The board of directors at the Minneapolis-based company, which develops software for e-commerce clients, is making it tougher for any individual or corporation to purchase a large chunk of outstanding shares. If any shareholder exceeds a 15 percent stake, stockholders may buy a fractional share of Net Perceptions' preferred stock for $15.
Such a price would be an enormous premium over the market value of the 5-year-old company. Net Perceptions closed Friday at $1.75, down 16 percent since the beginning of the year and down 91 percent from its 52-week high of $20.25.
Anyone who acquires 15 percent of the company can do so only with the consent of the stockholders after a vote. Unless the board votes to change the policy, it will stay in place until June 14, 2011.
Net Perceptions--whose clients include Best Buy, JC Penney and Kmart--is the latest high-tech company to attempt to ward off a takeover. With depressed stock prices and, in extreme cases, assets worth more than their market valuations, many technology companies are feeling vulnerable.
Corporate law firm Wilson Sonsini Goodrich & Rosati, headquartered in Palo Alto, Calif., has seen almost a doubling of its anti-takeover business since last year as companies scramble to draft anti-takeover clauses.
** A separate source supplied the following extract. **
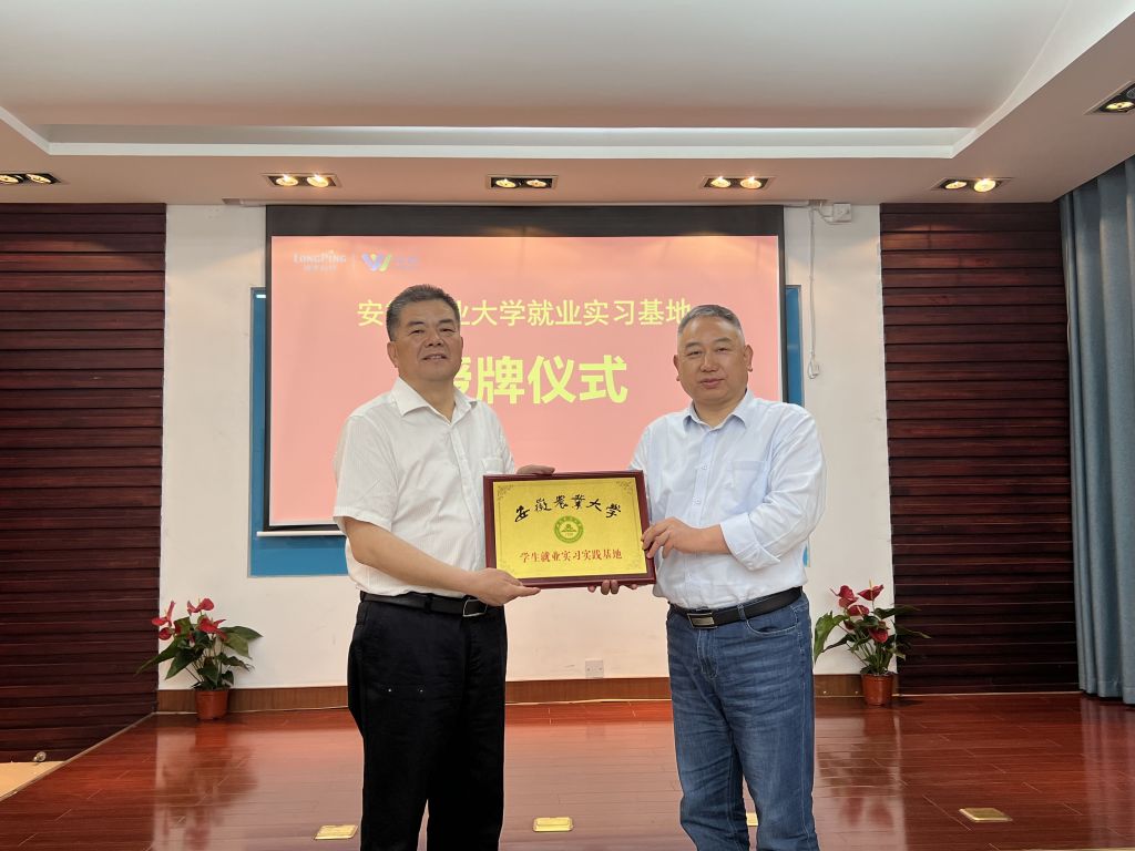 会上,陈文兵与华皖种业党支部书记赵富中共同为“安徽农业大学学生就业实习实践基地”揭牌。

In a hostile takeover, a company is taken over by another company or a well-financed raider against the wishes of management and the board of directors. If the offer price is high enough, company shareholders may vote to accept the offer even if management resists and says the company is worth more.
A shareholder-rights plan known as a "poison pill" makes a takeover extremely expensive by triggering a flood of new stock to dilute any stake a hostile bidder may seek. A board of directors can implement a poison pill at any time and does not need shareholder approval.